• [ACTION ITEM]: Copy every line of the data below exactly as given, except for the pictures.

• [DATA SHOWN]:
──────
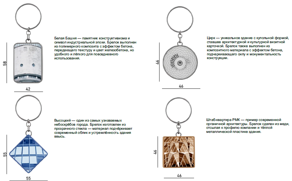 Брелоки, изображающие хорошо известные здания Екатеринбурга
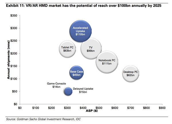 而國內的發(fā)展勢頭也絲毫落下,甚至是更為火熱,傳統(tǒng)硬件公司、互聯(lián)網巨頭與創(chuàng)業(yè)者們爭相入局。當前國內已有諸如暴風魔鏡、蟻視科技、靈境VR(樂視投資)、樂相科技、驍龍科技、拓視科技(魅族投資)、經偉度的Three Glasses、眼界的EMAX、UCglasses等等公司。互聯(lián)網與硬件公司諸如騰訊、小米、魅族、樂視等亦是紛紛通過資本入局。 然而這僅僅只是VR火熱的冰山一角。據火焰工廠CEO婁池介紹:僅僅就在中國,就一下子涌現(xiàn)出200多家各種VR創(chuàng)業(yè)公司,市場上現(xiàn)在能看到100多個眼鏡盒子,每星期至少2個VR產品發(fā)布。要是算上北美和歐洲的項目,加起來至少有400多個創(chuàng)業(yè)公司在廝殺。 那么是什么力量促使VR這一成熟程度遠未達到當前智能手機成熟高度,需要攻克的技術難點更是不勝枚數的產業(yè)在此時呈現(xiàn)出如此狂熱之勢?或許從以下幾個方面可以解釋。 二、十年內千億級年營收規(guī)模,虛擬現(xiàn)實技術具備極大的發(fā)展?jié)摿?/span> 虛擬現(xiàn)實技術因其廣泛的應用范圍、交互模式的變革、沉浸式使用體驗、被許多人認為是下一個大發(fā)展的風口所在。眾多機構也預測,未來VR產業(yè)市場規(guī)模有望在十年到十五年內突破萬億大關,硬件設備、娛樂內容、跨界服務三大投資機會將不斷顯現(xiàn)。 在此前高盛發(fā)布的一項長達58頁,詳細討論虛擬現(xiàn)實(VR)和增強現(xiàn)實(AR)產業(yè)的未來發(fā)展狀況的研究報告中預測:VR和AR擁有巨大的潛能,它可能會成為下一個大型計算平臺,不論是VR還是AR都有能力發(fā)展成年營收數百億美元的產業(yè),它可能會像電腦的出現(xiàn)一樣影響深遠。報告顯示,到2025年AR和VR硬件軟件營收將達800億美元,如果它們迅速跳出小眾市場走向大眾,年營收最多可以達到1820億美元。作為對比,平板電腦市場營收預計為630億美元,臺式機預計為620億美元,游戲機預計為150億美元。
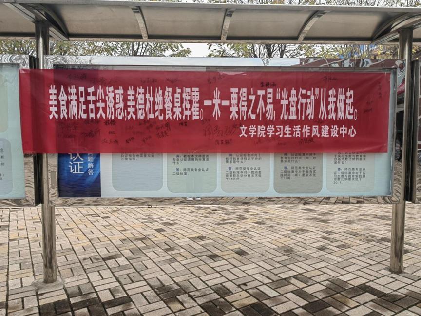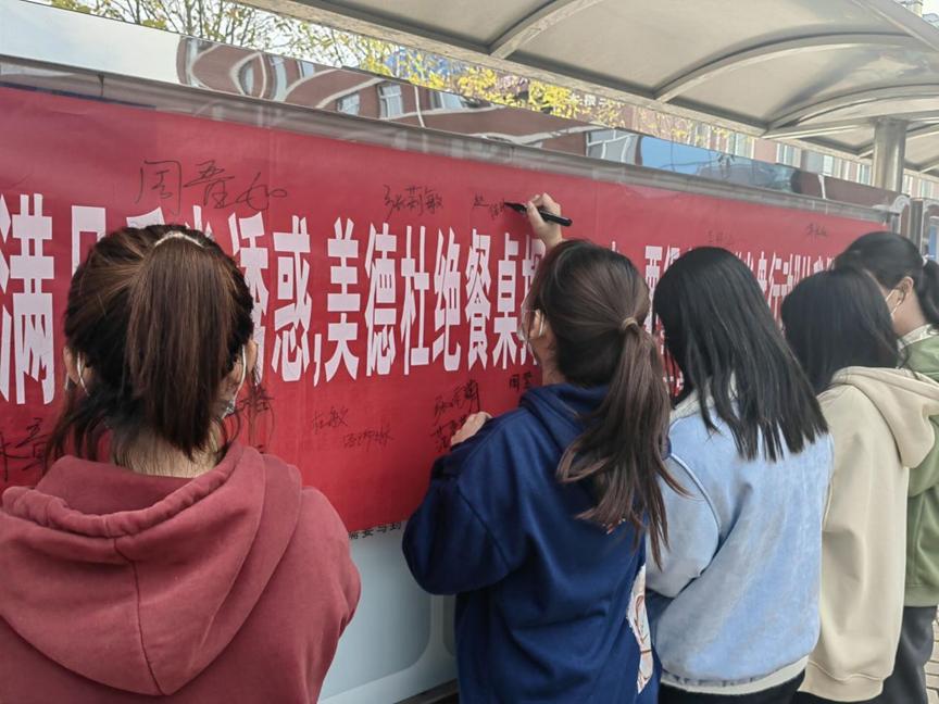 11月3日,vsport官方网站员工会生活权益部在六号教学楼前开展光盘打卡横幅签名活动,并于11月1日至14日举行线上“我们都是追‘光’者”微博光盘行动打卡活动。
──────
• [WRITTEN ANSWER]:
 Брелоки, изображающие хорошо известные здания Екатеринбурга
 而國內的發(fā)展勢頭也絲毫落下,甚至是更為火熱,傳統(tǒng)硬件公司、互聯(lián)網巨頭與創(chuàng)業(yè)者們爭相入局。當前國內已有諸如暴風魔鏡、蟻視科技、靈境VR(樂視投資)、樂相科技、驍龍科技、拓視科技(魅族投資)、經偉度的Three Glasses、眼界的EMAX、UCglasses等等公司。互聯(lián)網與硬件公司諸如騰訊、小米、魅族、樂視等亦是紛紛通過資本入局。 然而這僅僅只是VR火熱的冰山一角。據火焰工廠CEO婁池介紹:僅僅就在中國,就一下子涌現(xiàn)出200多家各種VR創(chuàng)業(yè)公司,市場上現(xiàn)在能看到100多個眼鏡盒子,每星期至少2個VR產品發(fā)布。要是算上北美和歐洲的項目,加起來至少有400多個創(chuàng)業(yè)公司在廝殺。 那么是什么力量促使VR這一成熟程度遠未達到當前智能手機成熟高度,需要攻克的技術難點更是不勝枚數的產業(yè)在此時呈現(xiàn)出如此狂熱之勢?或許從以下幾個方面可以解釋。 二、十年內千億級年營收規(guī)模,虛擬現(xiàn)實技術具備極大的發(fā)展?jié)摿?/span> 虛擬現(xiàn)實技術因其廣泛的應用范圍、交互模式的變革、沉浸式使用體驗、被許多人認為是下一個大發(fā)展的風口所在。眾多機構也預測,未來VR產業(yè)市場規(guī)模有望在十年到十五年內突破萬億大關,硬件設備、娛樂內容、跨界服務三大投資機會將不斷顯現(xiàn)。 在此前高盛發(fā)布的一項長達58頁,詳細討論虛擬現(xiàn)實(VR)和增強現(xiàn)實(AR)產業(yè)的未來發(fā)展狀況的研究報告中預測:VR和AR擁有巨大的潛能,它可能會成為下一個大型計算平臺,不論是VR還是AR都有能力發(fā)展成年營收數百億美元的產業(yè),它可能會像電腦的出現(xiàn)一樣影響深遠。報告顯示,到2025年AR和VR硬件軟件營收將達800億美元,如果它們迅速跳出小眾市場走向大眾,年營收最多可以達到1820億美元。作為對比,平板電腦市場營收預計為630億美元,臺式機預計為620億美元,游戲機預計為150億美元。
 11月3日,vsport官方网站员工会生活权益部在六号教学楼前开展光盘打卡横幅签名活动,并于11月1日至14日举行线上“我们都是追‘光’者”微博光盘行动打卡活动。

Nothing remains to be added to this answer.